Stored dataset items
━━━

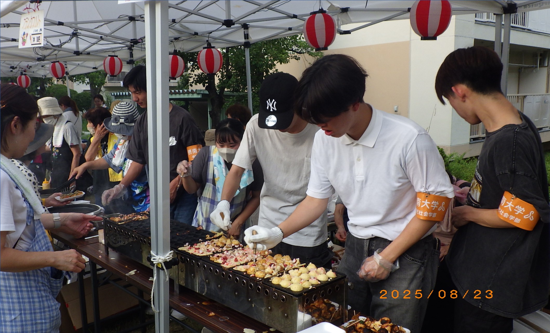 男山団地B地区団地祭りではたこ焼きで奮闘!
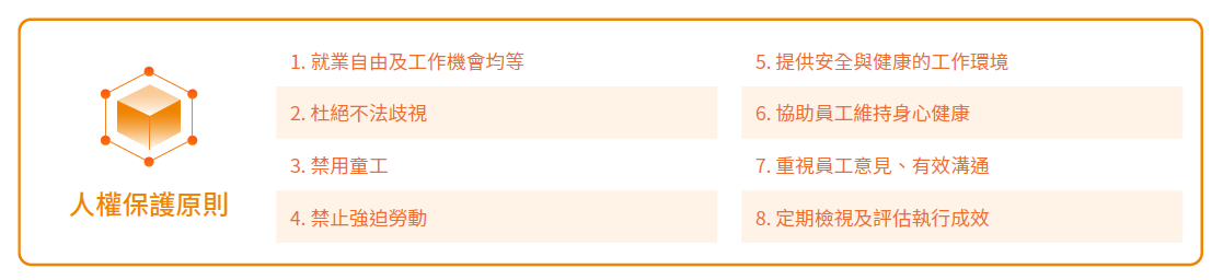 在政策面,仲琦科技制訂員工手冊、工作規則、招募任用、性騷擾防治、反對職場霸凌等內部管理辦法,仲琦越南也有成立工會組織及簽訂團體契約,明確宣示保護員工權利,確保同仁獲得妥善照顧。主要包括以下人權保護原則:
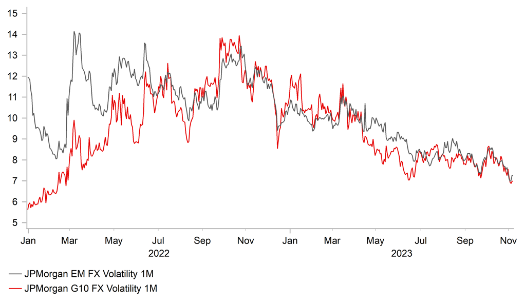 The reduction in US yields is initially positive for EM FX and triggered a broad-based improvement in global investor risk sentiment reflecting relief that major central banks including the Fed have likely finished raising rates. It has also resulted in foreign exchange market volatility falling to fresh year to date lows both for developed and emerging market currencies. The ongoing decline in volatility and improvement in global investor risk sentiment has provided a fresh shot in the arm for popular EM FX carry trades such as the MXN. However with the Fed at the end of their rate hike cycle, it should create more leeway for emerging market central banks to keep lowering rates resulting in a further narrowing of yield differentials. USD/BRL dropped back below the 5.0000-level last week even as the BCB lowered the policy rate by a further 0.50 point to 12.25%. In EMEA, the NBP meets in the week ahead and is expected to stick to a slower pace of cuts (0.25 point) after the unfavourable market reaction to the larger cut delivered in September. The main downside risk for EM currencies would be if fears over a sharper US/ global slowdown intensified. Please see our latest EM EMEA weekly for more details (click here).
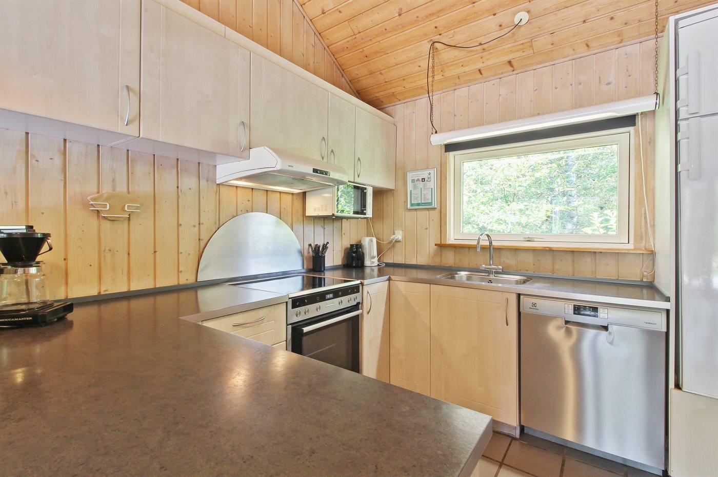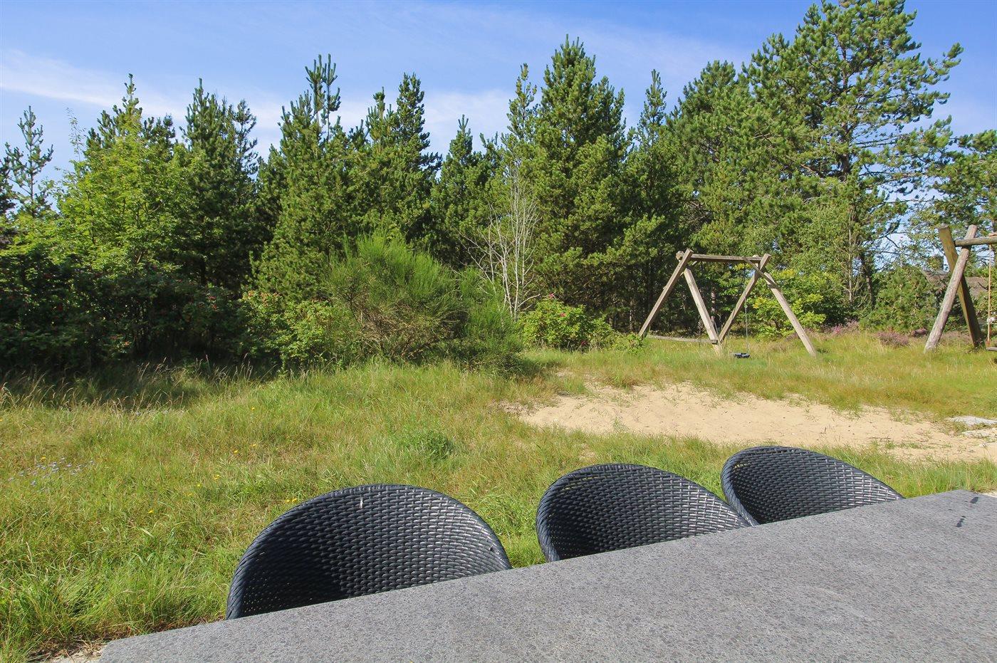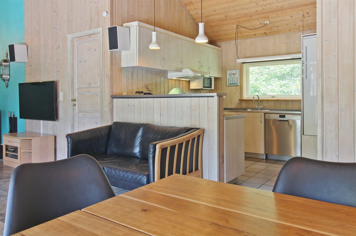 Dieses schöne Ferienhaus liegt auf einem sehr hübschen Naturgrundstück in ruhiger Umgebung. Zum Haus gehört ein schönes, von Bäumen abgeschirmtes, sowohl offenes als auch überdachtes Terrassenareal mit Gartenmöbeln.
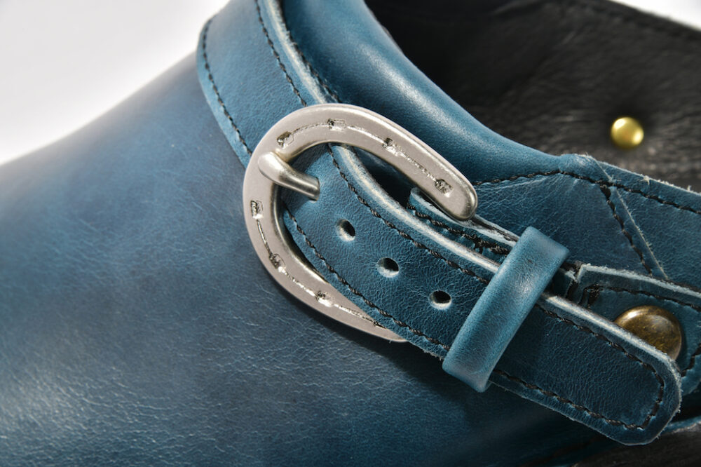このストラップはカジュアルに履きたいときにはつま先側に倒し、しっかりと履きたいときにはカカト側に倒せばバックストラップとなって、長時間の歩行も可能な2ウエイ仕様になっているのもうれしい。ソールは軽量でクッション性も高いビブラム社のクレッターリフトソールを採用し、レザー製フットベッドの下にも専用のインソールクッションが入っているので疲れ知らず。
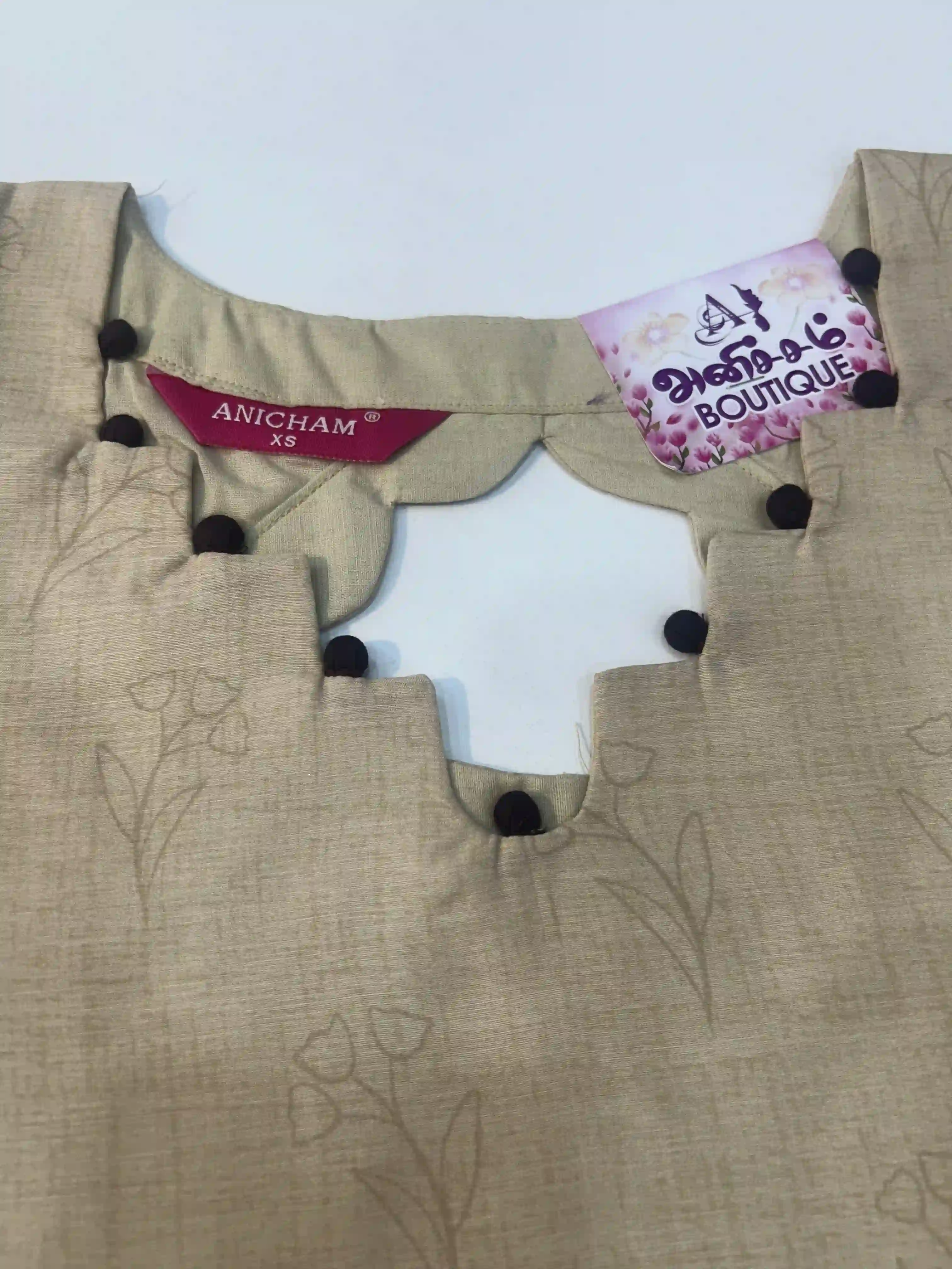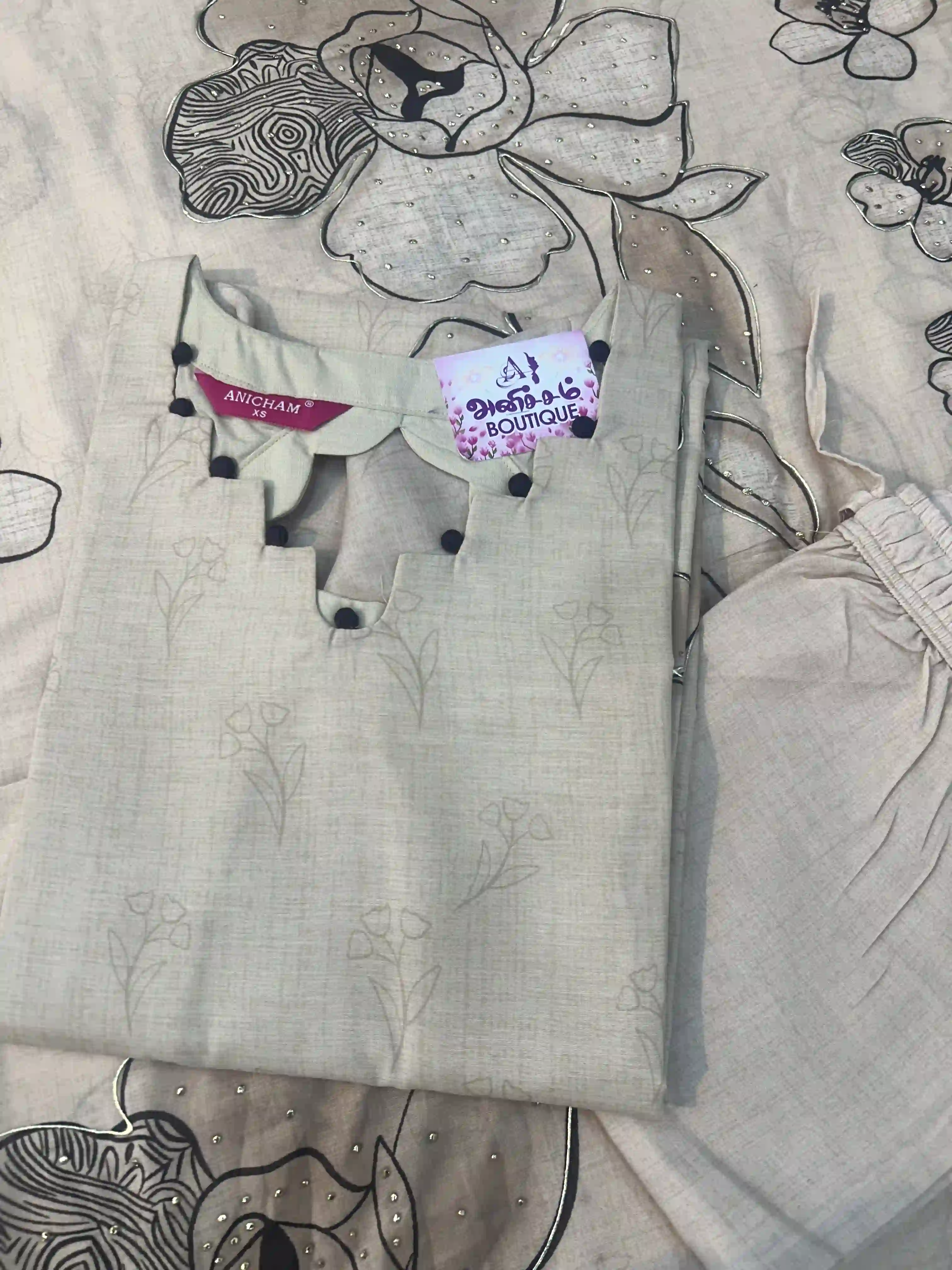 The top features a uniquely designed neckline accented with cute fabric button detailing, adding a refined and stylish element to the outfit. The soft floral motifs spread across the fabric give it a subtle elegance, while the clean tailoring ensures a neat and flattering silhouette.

━━━

**INSTRUCTIONS FOR THE TASK**
Your output is the lines from the top of the entries through the line containing "在政策面,仲琦科技制訂員工手", exactly as they stand. No pictures belong in it.

**TASK OUTPUT**
 男山団地B地区団地祭りではたこ焼きで奮闘!
 在政策面,仲琦科技制訂員工手冊、工作規則、招募任用、性騷擾防治、反對職場霸凌等內部管理辦法,仲琦越南也有成立工會組織及簽訂團體契約,明確宣示保護員工權利,確保同仁獲得妥善照顧。主要包括以下人權保護原則:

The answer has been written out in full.